The compiler was able to optimize everything away, as it would have done with a run-off-the-mill recursive function.

### What are the costs?

The astute reader may have noticed one curious detail. In the move from a non-generic to a generic lambda, I added an explicit return type (i.e. `-> int`

). How come?

This has to do with the fact that the return type to be deduced is the type of the conditional expression, which type depends on the call to `self`

, which type is being deduced.

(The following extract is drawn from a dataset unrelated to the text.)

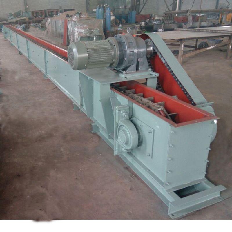 埋刮板輸送機是一種在封閉的矩形斷面的殼體內(nèi),借助于運動著的刮板鏈條連續(xù)輸送散狀物料的運輸設(shè)備。埋刮板輸送機結(jié)構(gòu)簡單,重量輕,體積小,密封性強,安裝維修方便。它不但可水平輸送,也可傾斜或垂直輸送sk多點加料,多點卸料,工藝布置靈活,全封閉輸送不污染環(huán)境。當發(fā)生過載時,抗沖擊繼電器馬上切斷電源,保護整機完好。我公司研制的新型埋刮板輸送機采用板式刮板、頭部卸料口加長、卸料拍打裝置、中間寬卸料口以及加大彎曲段圓弧半徑等措施,成功的解決了頭部積料和尾部積料,同時MC、MZ埋刮板輸送機彎曲段不易堵料, 大的提高了埋刮板輸送機的使用可靠性。技術(shù)性能優(yōu)于其它廠家生產(chǎn)的普通型埋刮板輸送機,外形尺寸與普通埋刮板輸送機基本相同。

A quick reading of Return type deduction for normal functions would suggest that rewriting the lambda expression as follows should work:

```
[](auto&& self, int n)
{
if(n < 2) return 1; // return type is deduced here
else return n * self(/* args */); // this has no impact
}
```

GCC will in fact accept this code with the first form of `fix_type`

only (the one that passes `functor`

). I'm not able to determine if it is right to complain about the other form (where `*this`

is passed). I leave it to the reader to choose what trade-off to make: less type deduction, or less ugly recursive calls (it's also of course completely possible to have access to either flavour anyway).